You see, I have just finished listening to an amazing podcast called The History of Rome by Mike Duncan and I just loved it. While I was listening I realised that a lot of the people that Rome fought still live on today in language.

So I am going to mix my love of history with my love of language and talk about the enemies of Rome and how we use those enemies in English some 2,000 years later.

After this.

I’m going to post a few images of maps and a video on my site,, to help you understand some of the ideas in this episode. You can also use to get in touch with me if you have any questions or comments.

Before we talk about the enemies of Rome, I need to quickly mention something about dates. In English we traditionally use BC and AD to talk about years. BC means Before Christ and AD is Latin for Anno Domini which in English can be translated to ‘in the year of our lord’.

However, this system is not especially useful, and might even be offensive, to people of other religions and those with no religion. In recent years, there has been a move to use BCE and CE to replace BC and AD. BCE means ‘Before the Common Era’ and CE means ‘Common Era’. Personally, I don’t like the original BC and AD words, but I don’t think BCE and CE really help much either. But I have to make a choice, so I am going to use BCE, which is equivalent to the traditional BC, and CE which is the same as the traditional AD.

I hope that is clear.

So, the enemies of Rome.

Perhaps the first great enemies of the Romans were the Celts. The Celts lived all through central and western Europe, from Romania to France, and from Spain to Scotland. I will post a map on my site if you would like to see where they lived.

The Celts were not one, united Empire, like the Romans would become. Instead, they were probably a loose collection of tribes who shared a similar language and culture. In the year 387 BCE, the Celts who lived in Gaul, modern-day France, beat the Romans in a battle and went on to sack Rome. If you ‘sack’ a city, you invade that city, steal everything you can find, burn the buildings and probably take many of the people as slaves.

This sacking of Rome almost destroyed the people before they had created their empire. In fact, some historians believe that it was this sacking that created the motivation to build a strong army to make sure it could never happen again. And this strong army went from a defensive use to an offensive one and ended up taking over most of Europe, North Africa, and western Asia.

The word ‘Celts’ still lives on today. The Celtic languages are spoken in places like Wales and Ireland.

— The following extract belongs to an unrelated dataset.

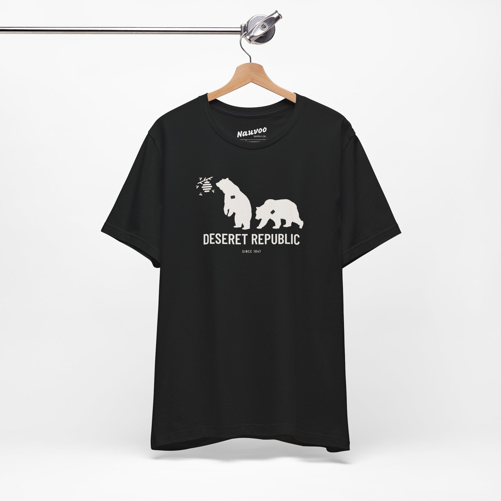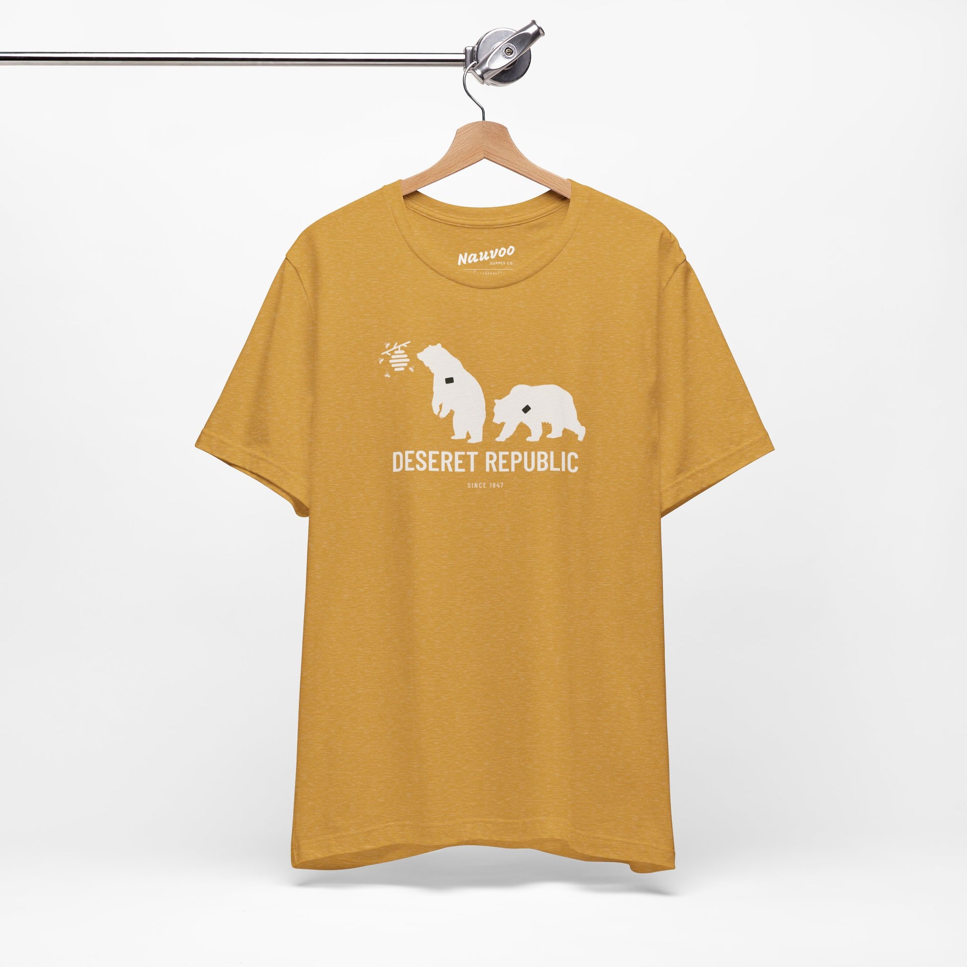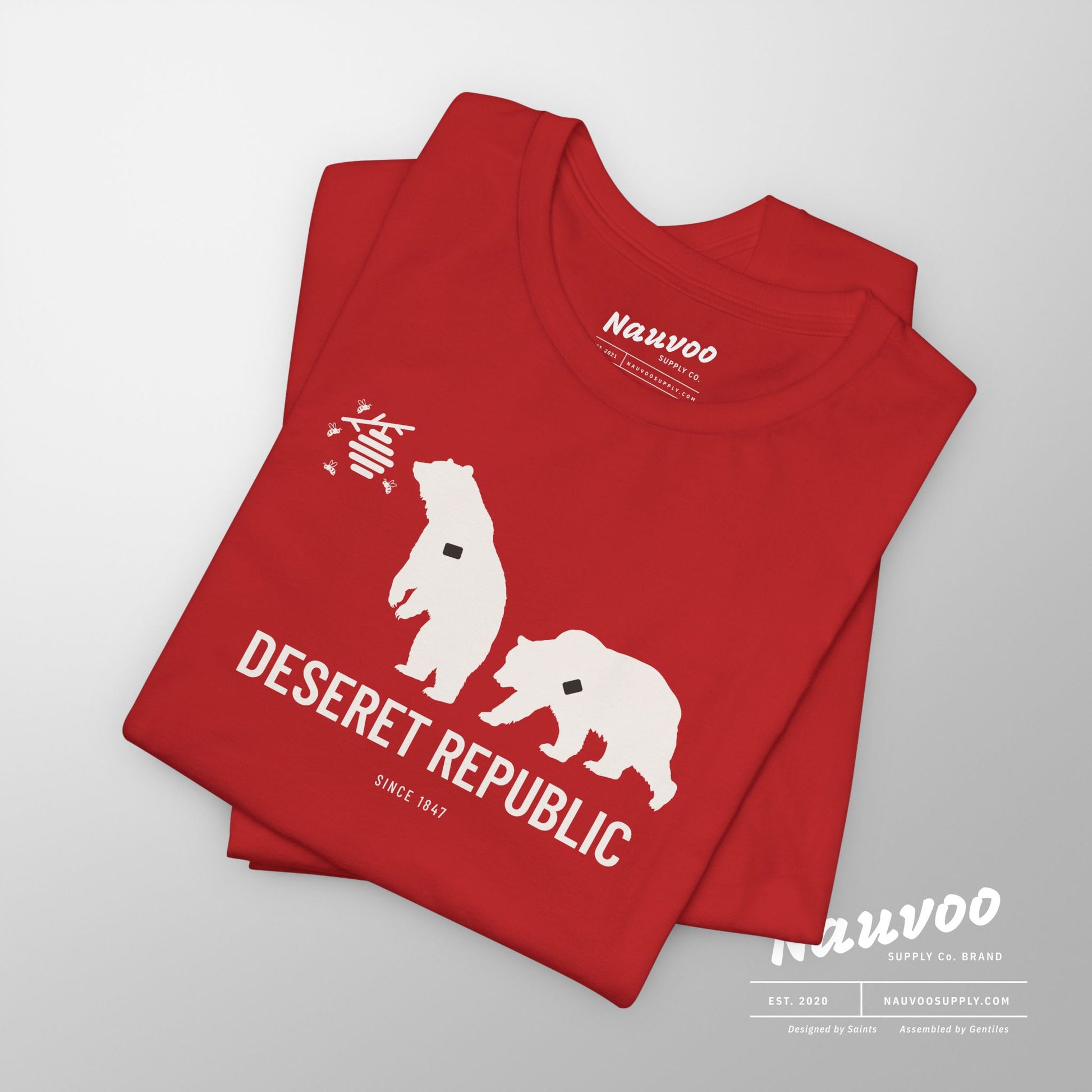 Whether you're headed to the San Diego hills or the Sacramento valley, the Deseret Republic Missionary Edition Tee is the ultimate way to celebrate a California call. This design takes the iconic "Bear Flag" aesthetic and gives it a "Called to Serve" twist. Featuring two bears—complete with their own missionary name tags—approaching the hive, it’s a nod to the industry, faith, and history of the Saints who have been building Zion in California since 1847.
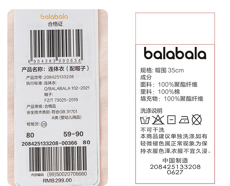 巴拉巴拉balaOne婴儿连体衣2025新款冬季宝宝爬服仿羊羔毛造型萌

In Glasgow, one of the biggest football clubs is called Celtic and there is a basketball team in the USA called Boston Celtics. Before you ask, I don’t know why the word is sometimes pronounced with a /k/ sound and sometimes a /s/ sound.

As well as sport, you can find Celtic music, Celtic art and Celtic culture celebrated all around the world, and not just in the countries that still speak a Celtic language.

After the Celts, Rome would not be sacked for another 800 years. But Rome still had its enemies. One of them was King Pyrrhus.

King Pyrrhus lived around 300 BCE and was king of one of the Greek tribes. He fought, and won, two battles against Rome, and was considered to be one of the strongest opponents. However, those two victories cost him a large part of his army. He lost so many men in the battles that he couldn’t exploit his victories. We still use the phrase ‘pyrrhic victory’ to talk about anything we have won but was not worth the cost.

The Romans had to do a lot of fighting to eventually control Greece. Archimedes lived in the Greek city of Syracuse on the island modern-day Sicily around the year 220 BCE. Archimedes was considered one of the greatest mathematicians of his time, and he put his mathematical knowledge to practical use by creating weapons to fight against the Romans. Today, Archimedes is most famous for the Archimedes Principle, which he figured out while in the bath and lead him to run naked around the city shouting “Eureka”, and the Archimedes screw which is still commonly used to move water up a hill.

800 years after the Celts had sacked Rome, it happened again. In the year 410 CE, the Goths invaded Italy under their king Aleric and, with no real opposition, entered Rome and took everything they could find. The Goths didn’t totally destroy the city because they wanted to come to a negotiated settlement and thought that this would be difficult if they actually destroyed the cultural home of the Romans.

The Gothic people originated in modern-day Germany, and by the 17th Century, academics were using the word “gothic” to describe anything that came from that area. At about this time, the architecture of Germany became very influential around Europe, and so that type of building was called “gothic”. There is, however, no link other than a geographical one, between the original gothic people and the style of architecture.

In the 19th century, there was a popular style of writing that was set in northern and eastern European medieval locations to tell horror and mystery stories. The most famous of these is probably Dracula. If you think about the typical vampire, they are often described as wearing black clothes and having pale skin. In the 1980s, the word “goth” was revived to describe a youth culture that used black clothes and very white skin.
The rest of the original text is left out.